GLOBAL SENTIMENT SURVEY 2018
In looking at the data for the survey, I draw the conclusion that 2018 will be the year of Artificial intelligence (AI) – but with some key caveats.
The 2018 L&D Global Sentiment Survey had 1,051 people participate from 47 countries. They cast a total of 2,894 votes for up to three of 15 available options, in response to one question: “What will be hot in workplace L&D in 2018?”
For a full detailed analysis, download the report.
In looking at the data for the survey, I draw the conclusion that 2018 will be the year of Artificial intelligence (AI) – but with some key caveats.
Of all the technology choices on the survey, only (AI) rose against its 2017 position, from eighth to third position. In so doing, it picked up an unprecedented extra 2.9% of the overall vote.
AI involves computers finding patterns in large amounts of (usually pre-supplied) data and using that to make decisions, such as predictions about future human behaviour. In 2016 Google’s DeepMind AlphaGo beat world champion Lee Sedol in 4 out of 5 games of Go. It had honed its skills in this complex game by playing itself many thousands of times, using a dataset of 100,000 human-played games.
Chat bots
Add Natural Language Processing to this powerful pattern recognition and there is tremendous potential. Chat bots are almost part of the faculty at Georgia State University, where they help handle incoming student queries about courses, and are used as teaching assistants. Stanford University’s Woebot is a commercially available chat bot created in 2017 with a proven track record of tackling depression through conversation.
Personalization
We live in an era of wide-spread commercial personalization, Netflix, Amazon and Google all use the same principles that AlphaGo used – finding patterns in data and making useful predictions from it.

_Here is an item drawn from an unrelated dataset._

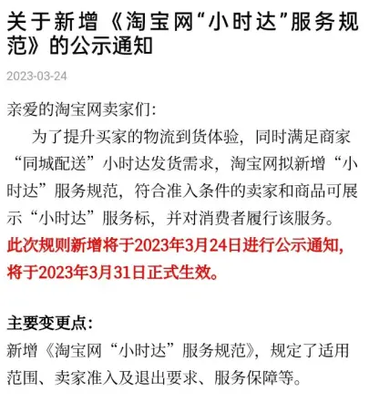 2023年3月,淘宝网发布关于新增《淘宝网“小时达”服务规范》的通知,旨在提升买家的物流到货体验,同时满足商家“同城配送”小时达发货需求。根据该规范,卖家和商品可展示“小时达”服务标识。

The most obvious application of this is in personalizing learning content, something already happening. Algorithms can trawl through content at speed to find content suiting a particular need. The question is this: how to establish that need? One way is through interaction with a chat bot. This provides a relatively quick way of sorting through the hack stack of resources that exists in most organizations to find what will an individual’s learning need.
However, what if an individual does not know what they don’t know? If they are following a particular pattern of behaviour, it may be possible to predict this and help them before they even know that they need help.
The promise and the peril
Chat bots and content personalization are two aspects of AI that are already with us. But there is a catch. Over the last three months of 2017, I saw three L&D chat bots, all well-designed and all created in a matter of weeks by small, highly-skilled teams. Unfortunately, it is even easier and faster to produce a poor quality chat bot, and it may well be that in 2018 we see a proliferation of unimpressive chat bots combined with subpar algorithms that combine to give AI a bad name.
Disclosure: I am a non-executive director of Filtered, a UK start up that provides intelligent learning recommendations using AI, the non-executive chairman of the Learning and Performance Institute a professional body for L&D practitioners, and chairman of theLearning Technologies Conference, a group of conferences dedicated to supporting learning at work using technology.